===== Provided information

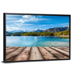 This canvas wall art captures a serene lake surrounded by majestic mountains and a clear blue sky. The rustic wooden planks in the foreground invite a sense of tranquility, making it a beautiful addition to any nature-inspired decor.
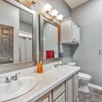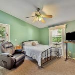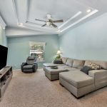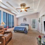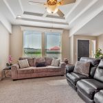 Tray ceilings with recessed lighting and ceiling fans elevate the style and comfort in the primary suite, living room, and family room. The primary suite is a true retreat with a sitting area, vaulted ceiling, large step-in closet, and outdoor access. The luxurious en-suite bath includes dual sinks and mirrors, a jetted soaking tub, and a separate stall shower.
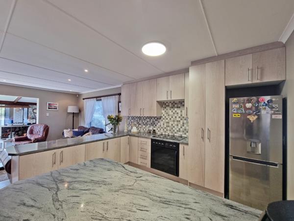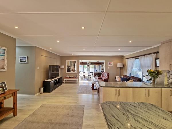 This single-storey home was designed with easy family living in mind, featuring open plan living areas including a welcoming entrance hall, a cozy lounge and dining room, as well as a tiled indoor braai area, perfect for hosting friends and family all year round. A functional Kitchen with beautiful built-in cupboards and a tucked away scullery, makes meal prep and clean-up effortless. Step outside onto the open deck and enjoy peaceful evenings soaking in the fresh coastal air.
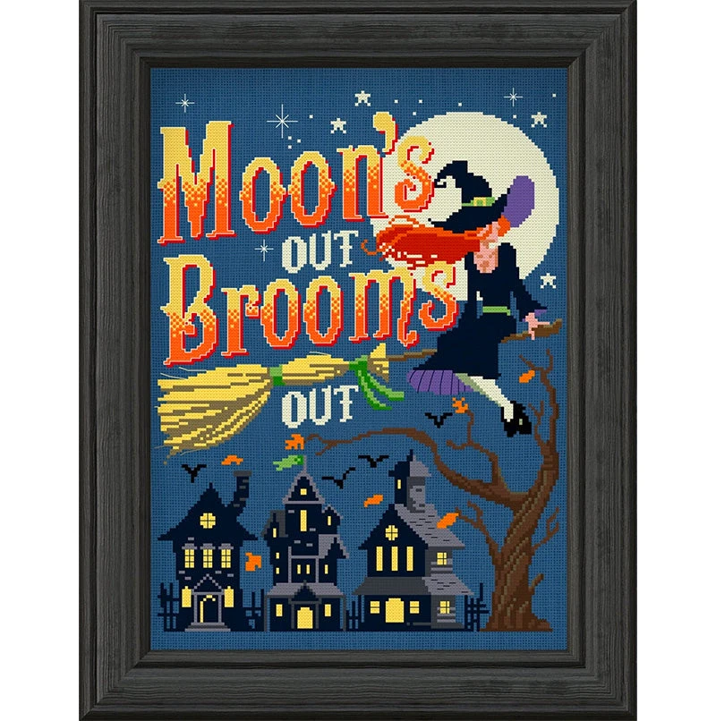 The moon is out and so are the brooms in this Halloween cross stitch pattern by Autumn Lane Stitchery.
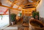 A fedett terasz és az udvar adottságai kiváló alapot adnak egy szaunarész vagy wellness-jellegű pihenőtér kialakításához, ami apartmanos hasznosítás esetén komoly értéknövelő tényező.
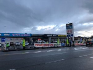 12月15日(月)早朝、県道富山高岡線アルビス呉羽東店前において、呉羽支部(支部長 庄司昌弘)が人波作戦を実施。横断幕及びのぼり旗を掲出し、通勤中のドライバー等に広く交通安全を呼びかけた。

==========

Exercise aim:
Print the lines from the one that contains "A fedett terasz" through the last line of the data, exactly and in full, and no other lines. Pictures are not part of the copy.

Exercise solution:
 A fedett terasz és az udvar adottságai kiváló alapot adnak egy szaunarész vagy wellness-jellegű pihenőtér kialakításához, ami apartmanos hasznosítás esetén komoly értéknövelő tényező.
 12月15日(月)早朝、県道富山高岡線アルビス呉羽東店前において、呉羽支部(支部長 庄司昌弘)が人波作戦を実施。横断幕及びのぼり旗を掲出し、通勤中のドライバー等に広く交通安全を呼びかけた。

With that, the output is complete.